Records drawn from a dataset
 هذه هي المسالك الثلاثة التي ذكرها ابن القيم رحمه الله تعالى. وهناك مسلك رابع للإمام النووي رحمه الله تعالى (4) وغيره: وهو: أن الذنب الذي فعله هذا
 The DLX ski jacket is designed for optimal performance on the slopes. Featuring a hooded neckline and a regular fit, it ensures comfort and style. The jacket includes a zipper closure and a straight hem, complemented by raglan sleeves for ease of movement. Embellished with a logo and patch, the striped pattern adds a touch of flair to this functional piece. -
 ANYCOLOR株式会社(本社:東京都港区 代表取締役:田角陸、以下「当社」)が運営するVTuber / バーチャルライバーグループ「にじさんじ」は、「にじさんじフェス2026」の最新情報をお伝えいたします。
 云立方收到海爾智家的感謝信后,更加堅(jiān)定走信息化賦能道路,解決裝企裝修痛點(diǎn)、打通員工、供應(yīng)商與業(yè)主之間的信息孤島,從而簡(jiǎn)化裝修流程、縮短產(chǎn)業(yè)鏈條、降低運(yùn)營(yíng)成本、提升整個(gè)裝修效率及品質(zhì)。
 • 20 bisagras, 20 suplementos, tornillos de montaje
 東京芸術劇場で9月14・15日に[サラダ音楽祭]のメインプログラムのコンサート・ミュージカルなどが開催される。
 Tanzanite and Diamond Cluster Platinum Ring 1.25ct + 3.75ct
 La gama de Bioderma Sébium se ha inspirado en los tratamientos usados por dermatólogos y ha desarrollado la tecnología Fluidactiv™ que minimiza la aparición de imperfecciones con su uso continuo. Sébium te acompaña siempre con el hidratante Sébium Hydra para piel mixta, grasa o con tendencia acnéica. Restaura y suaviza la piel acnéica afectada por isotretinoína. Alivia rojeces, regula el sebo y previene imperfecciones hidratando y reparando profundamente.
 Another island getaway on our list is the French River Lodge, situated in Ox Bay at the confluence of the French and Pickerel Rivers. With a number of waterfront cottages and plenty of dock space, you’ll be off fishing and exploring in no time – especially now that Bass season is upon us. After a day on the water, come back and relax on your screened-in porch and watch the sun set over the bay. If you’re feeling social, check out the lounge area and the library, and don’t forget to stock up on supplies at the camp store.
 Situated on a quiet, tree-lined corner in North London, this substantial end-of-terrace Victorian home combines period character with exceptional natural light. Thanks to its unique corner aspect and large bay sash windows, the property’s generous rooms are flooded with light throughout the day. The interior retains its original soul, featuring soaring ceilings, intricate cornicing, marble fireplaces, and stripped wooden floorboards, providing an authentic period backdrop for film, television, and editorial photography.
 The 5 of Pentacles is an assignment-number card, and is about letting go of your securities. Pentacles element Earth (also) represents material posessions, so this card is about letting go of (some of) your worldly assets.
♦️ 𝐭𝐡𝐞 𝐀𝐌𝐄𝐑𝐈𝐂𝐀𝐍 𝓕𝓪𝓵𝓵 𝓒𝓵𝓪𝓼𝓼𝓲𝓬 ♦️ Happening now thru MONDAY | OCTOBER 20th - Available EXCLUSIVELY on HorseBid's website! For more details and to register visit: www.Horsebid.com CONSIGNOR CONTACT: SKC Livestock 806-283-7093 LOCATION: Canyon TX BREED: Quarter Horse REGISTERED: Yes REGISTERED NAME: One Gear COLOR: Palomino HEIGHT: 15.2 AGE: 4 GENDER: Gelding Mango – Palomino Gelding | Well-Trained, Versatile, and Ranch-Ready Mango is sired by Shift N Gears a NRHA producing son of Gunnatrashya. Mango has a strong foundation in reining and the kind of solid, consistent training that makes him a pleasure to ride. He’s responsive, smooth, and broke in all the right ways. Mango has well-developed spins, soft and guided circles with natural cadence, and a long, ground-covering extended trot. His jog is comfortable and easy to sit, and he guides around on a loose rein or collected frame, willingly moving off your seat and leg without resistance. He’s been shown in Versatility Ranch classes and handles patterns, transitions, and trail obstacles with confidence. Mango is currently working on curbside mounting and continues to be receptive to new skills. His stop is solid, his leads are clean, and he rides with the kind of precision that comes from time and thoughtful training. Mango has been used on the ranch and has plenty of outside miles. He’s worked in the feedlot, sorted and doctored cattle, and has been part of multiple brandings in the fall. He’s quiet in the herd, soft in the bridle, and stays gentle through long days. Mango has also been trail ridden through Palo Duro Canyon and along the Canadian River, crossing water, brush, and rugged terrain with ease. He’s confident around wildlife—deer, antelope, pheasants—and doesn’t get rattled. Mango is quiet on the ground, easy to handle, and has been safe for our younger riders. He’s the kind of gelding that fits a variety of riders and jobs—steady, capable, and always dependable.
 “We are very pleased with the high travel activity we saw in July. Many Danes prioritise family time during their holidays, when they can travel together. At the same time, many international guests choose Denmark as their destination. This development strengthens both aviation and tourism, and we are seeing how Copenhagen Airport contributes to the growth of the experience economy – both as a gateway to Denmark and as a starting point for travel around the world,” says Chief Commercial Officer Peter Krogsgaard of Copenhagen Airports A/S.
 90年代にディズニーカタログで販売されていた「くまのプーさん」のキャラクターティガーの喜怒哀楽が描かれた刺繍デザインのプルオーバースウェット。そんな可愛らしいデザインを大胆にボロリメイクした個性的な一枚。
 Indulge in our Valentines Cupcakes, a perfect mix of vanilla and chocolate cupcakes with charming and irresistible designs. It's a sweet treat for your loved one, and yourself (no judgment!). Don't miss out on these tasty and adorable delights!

#### [Problem requirements]
Your answer should consist of every record, printed exactly as given.

#### [Exercise result]
 هذه هي المسالك الثلاثة التي ذكرها ابن القيم رحمه الله تعالى. وهناك مسلك رابع للإمام النووي رحمه الله تعالى (4) وغيره: وهو: أن الذنب الذي فعله هذا
 The DLX ski jacket is designed for optimal performance on the slopes. Featuring a hooded neckline and a regular fit, it ensures comfort and style. The jacket includes a zipper closure and a straight hem, complemented by raglan sleeves for ease of movement. Embellished with a logo and patch, the striped pattern adds a touch of flair to this functional piece. -
 ANYCOLOR株式会社(本社:東京都港区 代表取締役:田角陸、以下「当社」)が運営するVTuber / バーチャルライバーグループ「にじさんじ」は、「にじさんじフェス2026」の最新情報をお伝えいたします。
 云立方收到海爾智家的感謝信后,更加堅(jiān)定走信息化賦能道路,解決裝企裝修痛點(diǎn)、打通員工、供應(yīng)商與業(yè)主之間的信息孤島,從而簡(jiǎn)化裝修流程、縮短產(chǎn)業(yè)鏈條、降低運(yùn)營(yíng)成本、提升整個(gè)裝修效率及品質(zhì)。
 • 20 bisagras, 20 suplementos, tornillos de montaje
 東京芸術劇場で9月14・15日に[サラダ音楽祭]のメインプログラムのコンサート・ミュージカルなどが開催される。
 Tanzanite and Diamond Cluster Platinum Ring 1.25ct + 3.75ct
 La gama de Bioderma Sébium se ha inspirado en los tratamientos usados por dermatólogos y ha desarrollado la tecnología Fluidactiv™ que minimiza la aparición de imperfecciones con su uso continuo. Sébium te acompaña siempre con el hidratante Sébium Hydra para piel mixta, grasa o con tendencia acnéica. Restaura y suaviza la piel acnéica afectada por isotretinoína. Alivia rojeces, regula el sebo y previene imperfecciones hidratando y reparando profundamente.
 Another island getaway on our list is the French River Lodge, situated in Ox Bay at the confluence of the French and Pickerel Rivers. With a number of waterfront cottages and plenty of dock space, you’ll be off fishing and exploring in no time – especially now that Bass season is upon us. After a day on the water, come back and relax on your screened-in porch and watch the sun set over the bay. If you’re feeling social, check out the lounge area and the library, and don’t forget to stock up on supplies at the camp store.
 Situated on a quiet, tree-lined corner in North London, this substantial end-of-terrace Victorian home combines period character with exceptional natural light. Thanks to its unique corner aspect and large bay sash windows, the property’s generous rooms are flooded with light throughout the day. The interior retains its original soul, featuring soaring ceilings, intricate cornicing, marble fireplaces, and stripped wooden floorboards, providing an authentic period backdrop for film, television, and editorial photography.
 The 5 of Pentacles is an assignment-number card, and is about letting go of your securities. Pentacles element Earth (also) represents material posessions, so this card is about letting go of (some of) your worldly assets.
♦️ 𝐭𝐡𝐞 𝐀𝐌𝐄𝐑𝐈𝐂𝐀𝐍 𝓕𝓪𝓵𝓵 𝓒𝓵𝓪𝓼𝓼𝓲𝓬 ♦️ Happening now thru MONDAY | OCTOBER 20th - Available EXCLUSIVELY on HorseBid's website! For more details and to register visit: www.Horsebid.com CONSIGNOR CONTACT: SKC Livestock 806-283-7093 LOCATION: Canyon TX BREED: Quarter Horse REGISTERED: Yes REGISTERED NAME: One Gear COLOR: Palomino HEIGHT: 15.2 AGE: 4 GENDER: Gelding Mango – Palomino Gelding | Well-Trained, Versatile, and Ranch-Ready Mango is sired by Shift N Gears a NRHA producing son of Gunnatrashya. Mango has a strong foundation in reining and the kind of solid, consistent training that makes him a pleasure to ride. He’s responsive, smooth, and broke in all the right ways. Mango has well-developed spins, soft and guided circles with natural cadence, and a long, ground-covering extended trot. His jog is comfortable and easy to sit, and he guides around on a loose rein or collected frame, willingly moving off your seat and leg without resistance. He’s been shown in Versatility Ranch classes and handles patterns, transitions, and trail obstacles with confidence. Mango is currently working on curbside mounting and continues to be receptive to new skills. His stop is solid, his leads are clean, and he rides with the kind of precision that comes from time and thoughtful training. Mango has been used on the ranch and has plenty of outside miles. He’s worked in the feedlot, sorted and doctored cattle, and has been part of multiple brandings in the fall. He’s quiet in the herd, soft in the bridle, and stays gentle through long days. Mango has also been trail ridden through Palo Duro Canyon and along the Canadian River, crossing water, brush, and rugged terrain with ease. He’s confident around wildlife—deer, antelope, pheasants—and doesn’t get rattled. Mango is quiet on the ground, easy to handle, and has been safe for our younger riders. He’s the kind of gelding that fits a variety of riders and jobs—steady, capable, and always dependable.
 “We are very pleased with the high travel activity we saw in July. Many Danes prioritise family time during their holidays, when they can travel together. At the same time, many international guests choose Denmark as their destination. This development strengthens both aviation and tourism, and we are seeing how Copenhagen Airport contributes to the growth of the experience economy – both as a gateway to Denmark and as a starting point for travel around the world,” says Chief Commercial Officer Peter Krogsgaard of Copenhagen Airports A/S.
 90年代にディズニーカタログで販売されていた「くまのプーさん」のキャラクターティガーの喜怒哀楽が描かれた刺繍デザインのプルオーバースウェット。そんな可愛らしいデザインを大胆にボロリメイクした個性的な一枚。
 Indulge in our Valentines Cupcakes, a perfect mix of vanilla and chocolate cupcakes with charming and irresistible designs. It's a sweet treat for your loved one, and yourself (no judgment!). Don't miss out on these tasty and adorable delights!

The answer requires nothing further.